I'm trying to be better about blogging weekly - or close to it.

This week? Anxiety. That's what's on tap.

There's this huge event on Sunday, and I have to go.

And it doesn't involve my people.
But I've been doing most of the planning and organizing.
It's for work, so I'm paid.
It's for work, so I have to be professional and polite - as compared to casual and normal.

Now, I can'thonestly say I suffer from some kind of "social anxiety disorder". I'm not afraid of people. I don't avoid touching, or  avoid crowds. I won't end up curled in a ball under a table from fright. I'm just not social.

Oh, I *can* be. I'm a P.K. (Pastor's Kid) I'm used to putting on my Sunday manners in front of strangers. I dress up well, and you can even take me out!

I've come to realize, though, that I don't like it.

No...stronger than that, just not to a diagnose-able level...
It stresses me out beforehand. It's emotionally exhausting during.

Even parties held by people I know - I tend to change my mind 19 times before going, thinking how much I'd rather stay home and read a book. Sometimes I go, sometimes I skip it.

I can't skip this one. I can't even tell my boss that it bothers me, because he's been trying to get more of these clients to contact me directly, so I know it's important that they put a face to a name, associate a person with the email, etc.

Here's the deal:
Me, a half-dozen coworkers I know, 3 or 4 employees I've literally never seen, and 70-ish clients and potential clients. A fancy (VERY) restaurant. They will all be coming over from a conference.  A pretty important crowd.

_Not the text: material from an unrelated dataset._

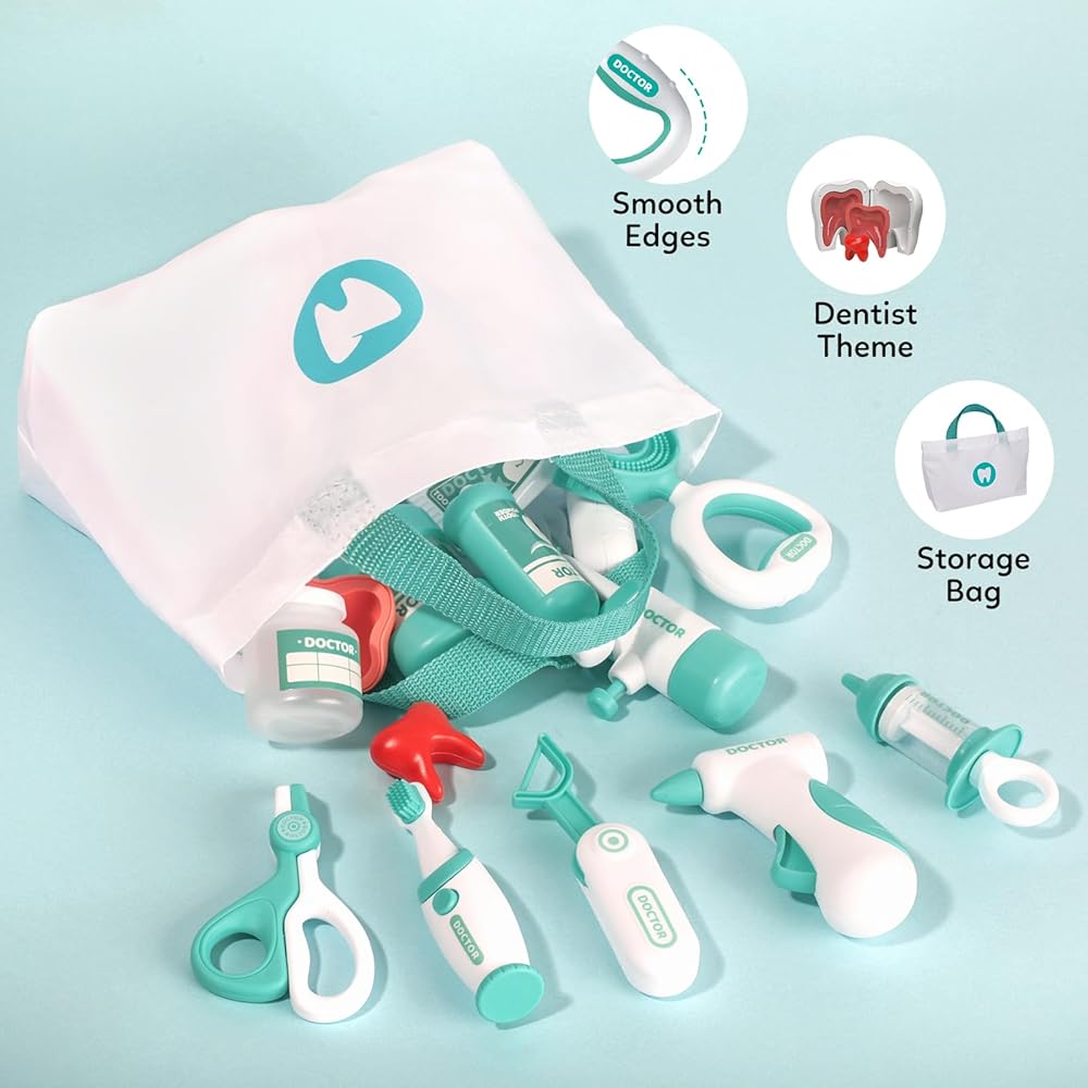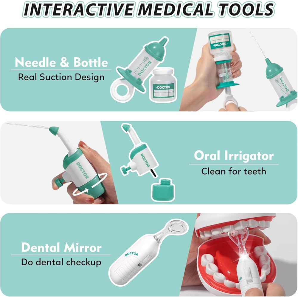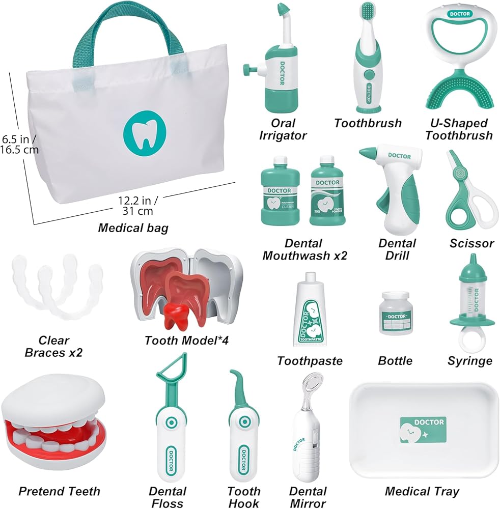 ملحقات مختلفة للعب الأدوار: تشتمل ألعاب الأسنان لدينا على فرشاة أسنان عادية وعلى شكل حرف U، ومعجون أسنان، وأسنان تظاهرية، وخطاف أسنان، وخيط تنظيف الأسنان، ومثقاب أسنان، ومرآة أسنان، وري الفم، ومقص، وصينية طبية، وأقواس شفافة، وغسول فم الأسنان، ونموذج أسنان. أطقم وزجاجة وحقنة وحقيبة طبية للتخزين تحتوي على جميع الأدوات بشكل أنيق

I'm not worried I'll embarrass the firm or anything, and I actually half-hope that next week my boss will tell me how impressed he (or everyone else) was. I just don't like hanging with people I don't know or care about.

Sigh.
That's my vent. Now for the good news:

BRETT'S COMING! Oh, not to the dinner. At $50 a plate, I'm not high enough on the totem pole to bring my S.O...although he's much better in social situations. He may not like them, but he does well talking to strangers while I just linger back. I will happily pretend to be his arm-candy. 

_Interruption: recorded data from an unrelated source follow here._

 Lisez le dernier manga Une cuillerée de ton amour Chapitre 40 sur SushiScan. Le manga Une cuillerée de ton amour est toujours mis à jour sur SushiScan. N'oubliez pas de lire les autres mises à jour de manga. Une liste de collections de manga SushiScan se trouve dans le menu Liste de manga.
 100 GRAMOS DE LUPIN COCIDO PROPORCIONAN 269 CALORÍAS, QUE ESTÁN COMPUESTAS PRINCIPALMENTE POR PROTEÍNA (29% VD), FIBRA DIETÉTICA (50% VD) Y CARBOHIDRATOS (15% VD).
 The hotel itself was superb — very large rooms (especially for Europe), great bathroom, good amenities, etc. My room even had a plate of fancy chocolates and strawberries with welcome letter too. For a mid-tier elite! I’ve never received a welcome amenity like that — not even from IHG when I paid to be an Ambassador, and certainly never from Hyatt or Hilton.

But he's here this weekend. He has a calming effect on me. He's just so matter-of-fact about everything. Easy-going. Logical. By the time he leaves on Sunday afternoon, I know I'll be ready to take on the old men in suits!

12 comments:

  1. I hate that too, if they aren't my people I feel that weird tension you get between your shoulder blades that never quite goes away. I think I would die if I had to share a hotel room with someone I didn't know well. I mean, die from tension that is. Not from them murdering me in the shower.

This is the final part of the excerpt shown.